▸ **PROBLEM REQUIREMENTS**
Copy, word for word, the lines below from the one containing "勝利油建濰坊項目表揚信 (圖)" up to and including the one containing "Умные игры Игра", with pictures left out.
(DATA FOR THE TASK)
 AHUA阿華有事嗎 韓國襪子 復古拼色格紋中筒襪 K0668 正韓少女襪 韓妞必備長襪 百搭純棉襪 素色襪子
(End DATA FOR THE TASK)
(DATA FOR THE TASK)
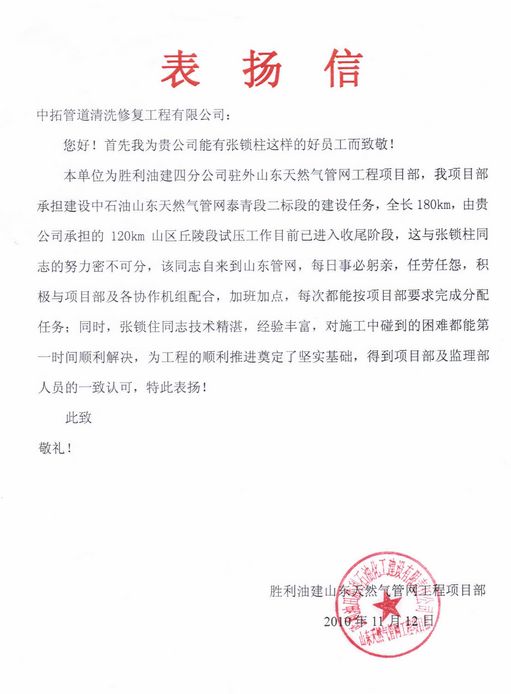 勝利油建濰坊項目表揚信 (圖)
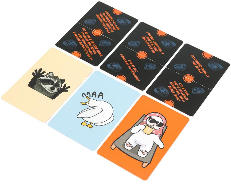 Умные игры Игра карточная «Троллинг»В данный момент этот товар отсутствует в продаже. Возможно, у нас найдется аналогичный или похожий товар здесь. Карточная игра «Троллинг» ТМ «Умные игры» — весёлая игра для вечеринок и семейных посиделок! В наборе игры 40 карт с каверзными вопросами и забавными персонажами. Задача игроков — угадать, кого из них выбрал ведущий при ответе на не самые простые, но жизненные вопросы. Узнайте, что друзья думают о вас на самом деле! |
(End DATA FOR THE TASK)
(DATA FOR THE TASK)
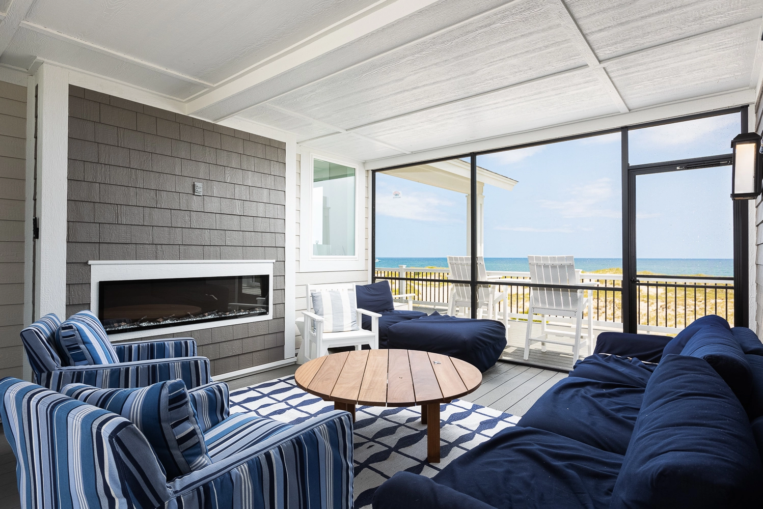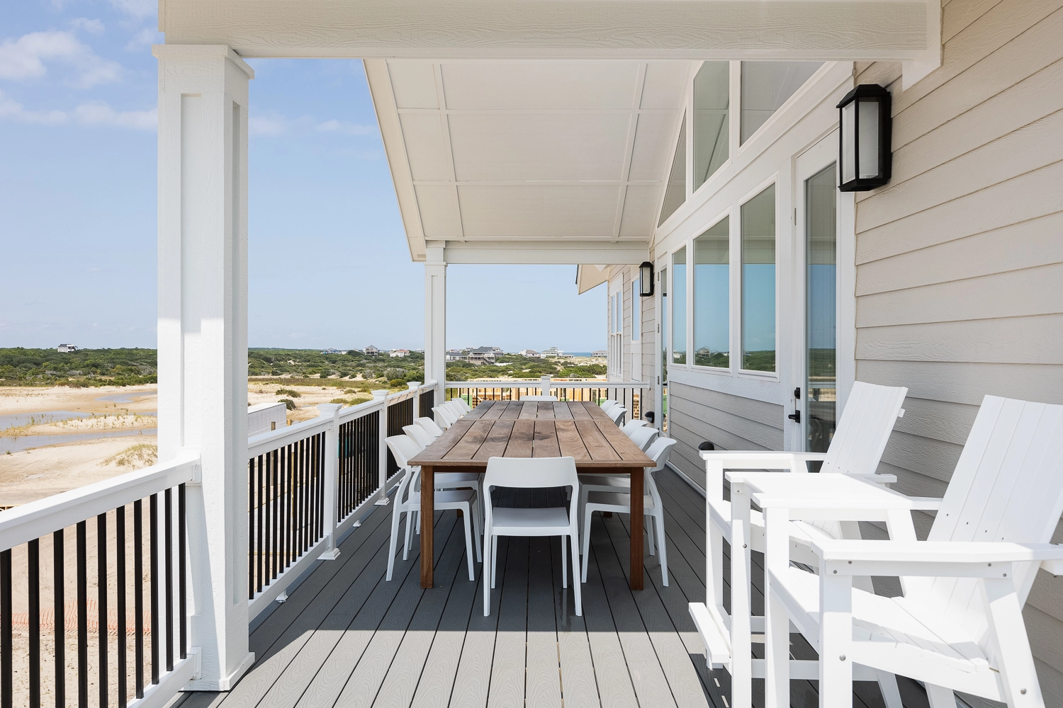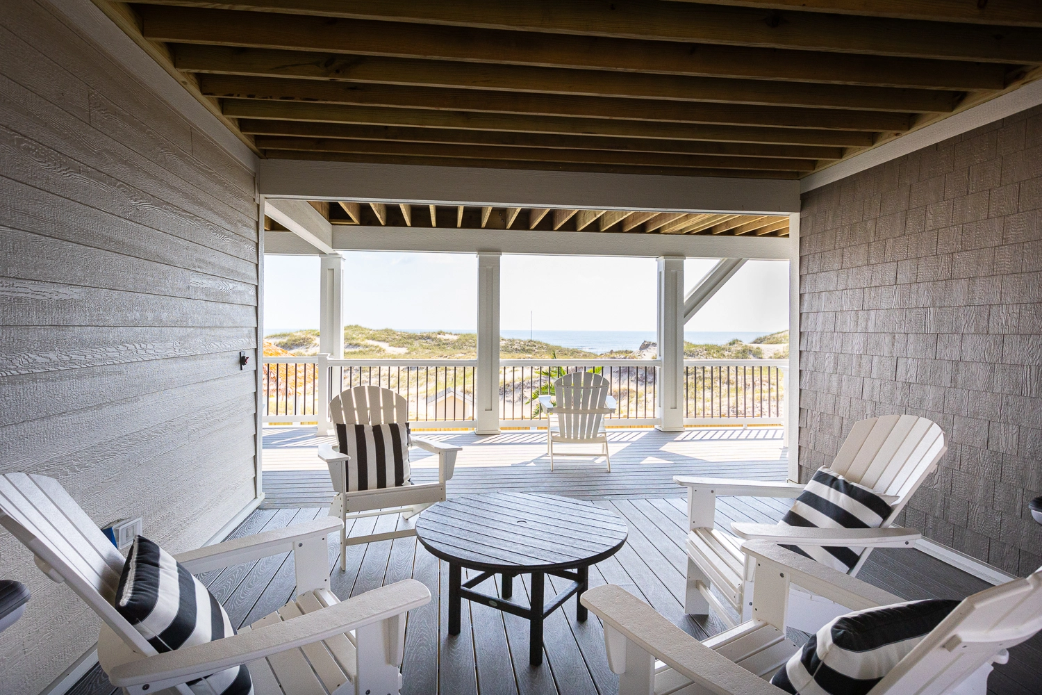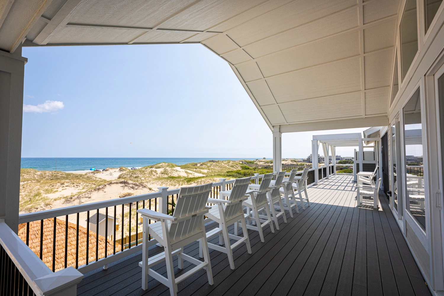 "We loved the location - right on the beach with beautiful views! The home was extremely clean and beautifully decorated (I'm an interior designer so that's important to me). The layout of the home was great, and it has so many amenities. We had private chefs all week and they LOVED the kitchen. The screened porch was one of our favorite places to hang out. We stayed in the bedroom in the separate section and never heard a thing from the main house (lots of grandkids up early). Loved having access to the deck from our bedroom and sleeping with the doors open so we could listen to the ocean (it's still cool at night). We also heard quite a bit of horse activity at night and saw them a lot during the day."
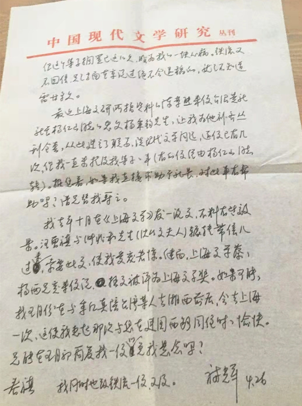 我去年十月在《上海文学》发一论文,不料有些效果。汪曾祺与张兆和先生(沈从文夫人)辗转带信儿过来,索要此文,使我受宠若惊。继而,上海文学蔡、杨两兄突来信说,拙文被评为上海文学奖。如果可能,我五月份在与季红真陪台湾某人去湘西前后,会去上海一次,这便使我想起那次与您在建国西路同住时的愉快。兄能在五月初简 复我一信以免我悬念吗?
(End DATA FOR THE TASK)
▸ **FINISHED TASK**
 勝利油建濰坊項目表揚信 (圖)
 Умные игры Игра карточная «Троллинг»В данный момент этот товар отсутствует в продаже. Возможно, у нас найдется аналогичный или похожий товар здесь. Карточная игра «Троллинг» ТМ «Умные игры» — весёлая игра для вечеринок и семейных посиделок! В наборе игры 40 карт с каверзными вопросами и забавными персонажами. Задача игроков — угадать, кого из них выбрал ведущий при ответе на не самые простые, но жизненные вопросы. Узнайте, что друзья думают о вас на самом деле! |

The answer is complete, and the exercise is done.